What Reproducibility Crisis?

It’s not a great term, the “reproducibility crisis”.

Most don’t think we are actually in a crisis, but I thought that by now practically everyone in various scientific fields had heard of it. In the last few years the reproducibility issue has been covered several times by Nature News, by major newspapers such as the New York Times, and by countless websites, often with truly crisis-level headlines. I first blogged about it in 2012, and it wasn’t new then.

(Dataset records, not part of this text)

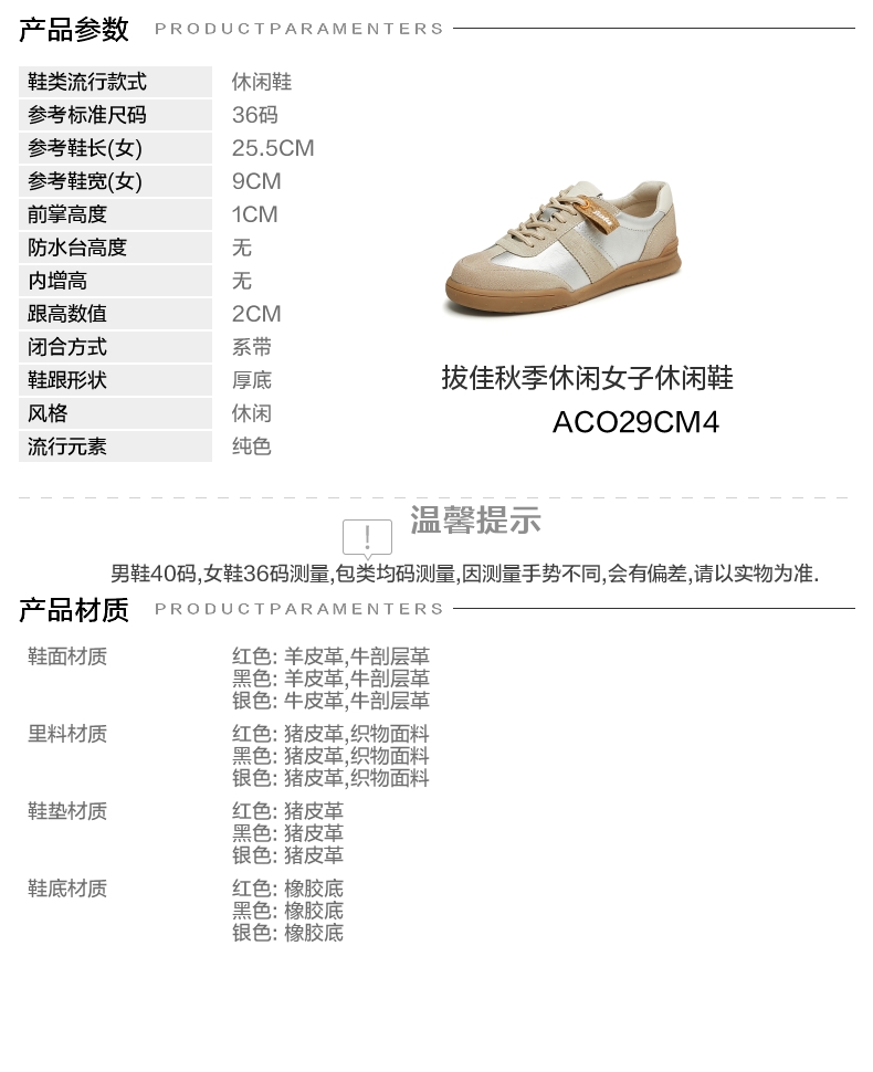 | 鞋跟形状:厚底 | 流行元素:纯色 | 参考鞋长(女):25.5CM | 参考鞋宽(女):9CM | 风格:休闲 |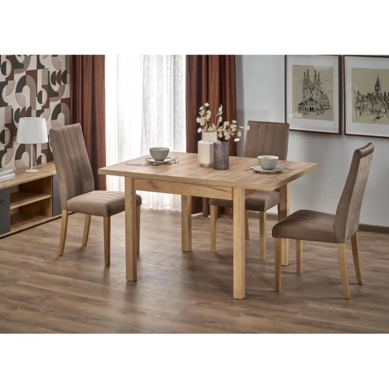 TIAGO SQUARE forlængelsesbordet i håndværk eg er den perfekte løsning til både små og store rum. Med sin fleksible forlængelse kan bordet nemt justeres fra 90 cm til 125 cm, hvilket gør det ideelt til både daglig brug og specielle anledninger. Bordpladen og benene er lavet af høj kvalitet lamineret spånplade og lamineret MDF, hvilket sikrer en robust og holdbar konstruktion. Det elegante design i håndværk eg giver et tidløst udseende, der passer ind i ethvert hjem.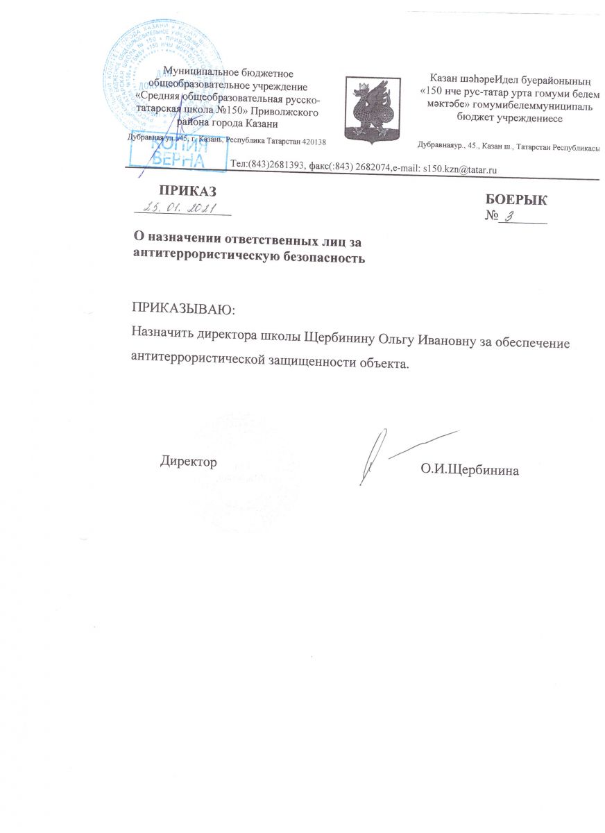 Приказ о назначении ответственных лиц за антитеррористическую безопасность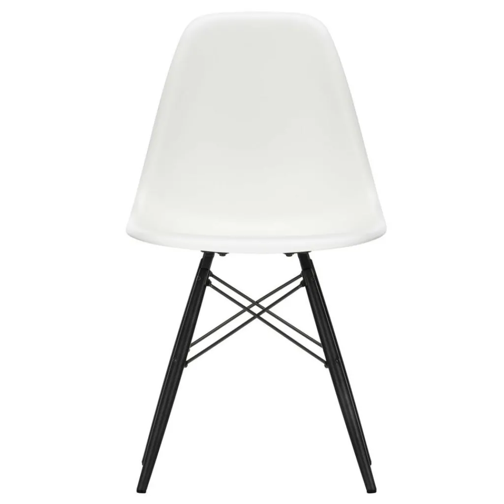 Als Re-Edition wurde der Eames Plastic Side Chair DSW Ahorn schwarz zum ersten Mal im Rahmen des „Low Cost Furniture Design“ Wettbewerbs in New York präsentiert. Damals nannte er sich noch „Fiberglass Chair“. Heute produziert das Label Vitra den Eames Plastic Side Chair DSW Ahorn schwarz aus dem umweltfreundlicheren Werkstoff Polyproplen. Das Gestell wird weiterhin aus Ahornholz gefertigt. Der hier gezeigte Eames Plastic Side Chair DSW Stuhl präsentiert sich mit einem schwarzem Ahorn-Untergestell. Erleben Sie noch mehr Sitzkomfort! Ab Juni 2015 erhalten Sie den Eames Plastic Side Chair DSW Ahorn schwarz Stuhl mit einer neuen Sitzhöhe von 43cm. Alle weiteren Eames Plastic Chairs werden ebenfalls nur noch mit der neuen Sitzhöhe ausgeliefert.

The heart of the issue is that large-scale replication attempts usually fail to reproduce the findings of the original studies. Or at least, they fail to yield the statistically significant finding that the original study did, suggesting either that the original study did not have much statistical power and the original authors got lucky, or it’s a spurious result, or the effect of interest is not very robust to the methodological variation associated with replication attempts. Across preclinical cancer research, economics, and experimental psychology, the results have been similarly depressing. As an editor I’ve been involved in two attempts to replicate individual studies, and both yielded null results (one on ego depletion, and one on how grammatical aspect affects judgments about a criminal).

There are certainly people (Harvard professors, in fact) who still say that “the reproducibility of psychological science is quite high and, in fact, statistically indistinguishable from 100%”. But if you had asked me how many psychology academics believe that it is a significant problem I would have said at least half. Experimental psychology in particular has seen a raft of large-scale replication attempts and very public failures to replicate. Before the Reproducibility Project that attempted to replicate 100 studies, there was Many Labs 1. Now, Many Labs 2 has finished data collection and Many Labs 3 is in process. The conversations around replications have reached near-meme levels of rhetoric. If people in any area should have heard of the reproducibility crisis by now, it’s psychology researchers.

I find out about a lot of replication attempts on twitter, with reproducibility news showing up on my feed on a near-daily basis. I was wondering whether the reproducibility crisis is much of a thing to your average psychology academic. Note: your average psychology academic is not on twitter.

In a seemingly self-defeating effort, I set up a poll on twitter of people not on twitter:

I was expecting about five responses. Maybe ten. But I got fifty-eight!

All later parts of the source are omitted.